Let $R$ be a commutative ring and $I $ be a maximal ideal of $R$. Then $I$ is a radical ideal of $R$.
Attempt at a proof:
Let $\sqrt{I}$ denote the radical of the ideal $I$. By its definition we have that $I\subseteq\sqrt{I}$. So it remains to show that $\sqrt{I} \subseteq I$ and we are done. Take an element $a\in\sqrt{I}$. There are now two possibilities for $a$: either $a\in I$ or $a \notin I$. If $a \in I$ then there is nothing to show, so suppose instead that $a\notin I$. Then the ideal generated by $a$ and $I$ properly contains $I$ and, because $I$ is maximal, this must be the whole of $R$, that is $aR+I=R$. Thus $ar + i = 1$ for some $r\in R$ and $i\in I$. If $r\in I$ then the LHS is an element of $I$, which contradicts the choice of $I$ (since $I$ is maximal so $I\subset R$ by definition). On the other hand, if $r\notin I$ then $i = 1 - ar\notin I$ which again gives a contradiction, since we chose $i$ to be an element of $I$. Thus $a\in I$ and $\sqrt{I} \subseteq I$.
Is this a correct proof?
You always have $I\subseteq \sqrt{I}$. If $\sqrt{I} = R$ then $1 \in \sqrt{I}$ so $1 = 1^k \in I$ and $I=R$, a contradiction. Thus $I=\sqrt{I}$.

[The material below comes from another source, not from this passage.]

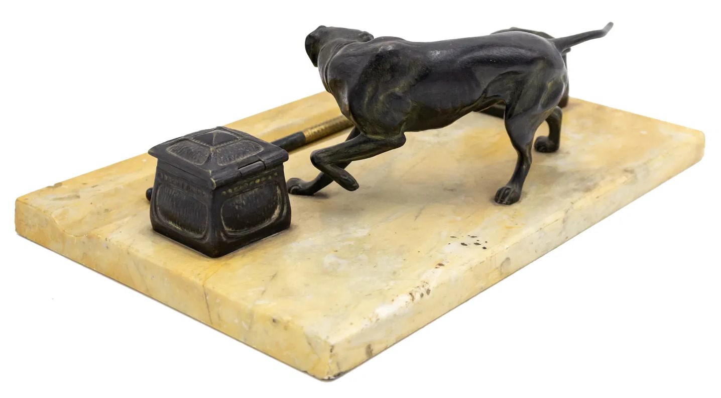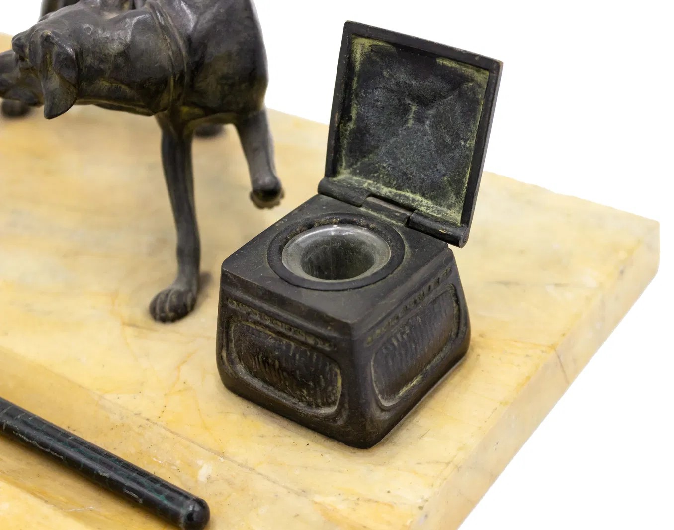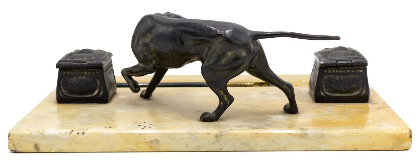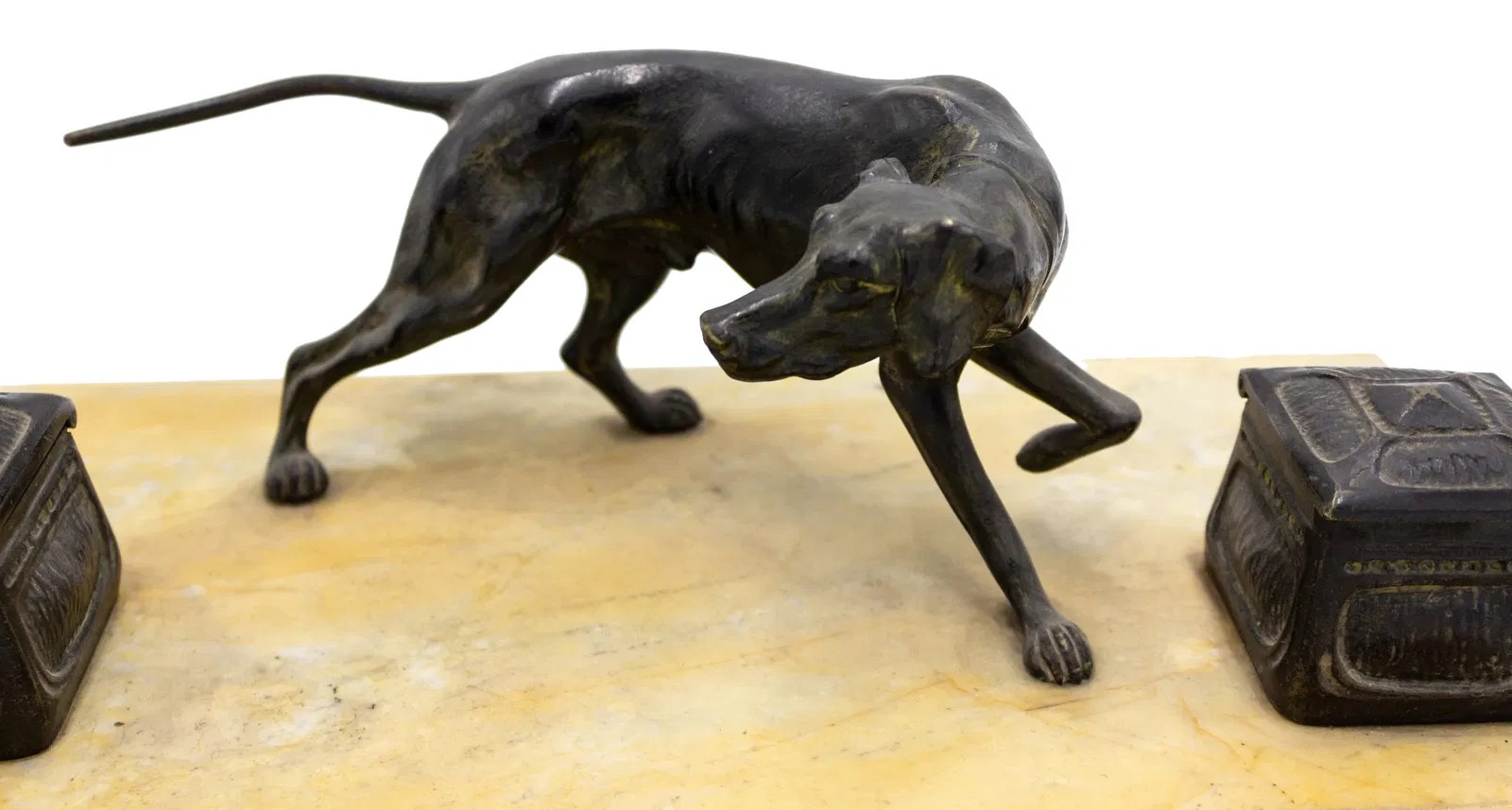 This English Victorian Sienna marble, rectangular double inkwell features a hunting dog, possibly a pointer or a similar breed, characterized by its lean body, muscular build, and alert stance. Two inkwells with hinged lids flank the dog on each side.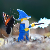a LEGO figure, which appears to be a mage or wizard character, holding what looks like a wand that is emitting blue sparks. The butterfly with vibrant orange and black wings is perched on

Edit: A concern about your proof is that you never use what $\sqrt{I}$ is, you just use that $I$ is maximal. I'm not sure that if two elements don't belong to an ideal, their difference doesn't belong either: in $\mathbb{Z}$ clearly 7 and 5 are not even but $7-5 = 2\in 2\mathbb{Z}$. I don't think that step is correct.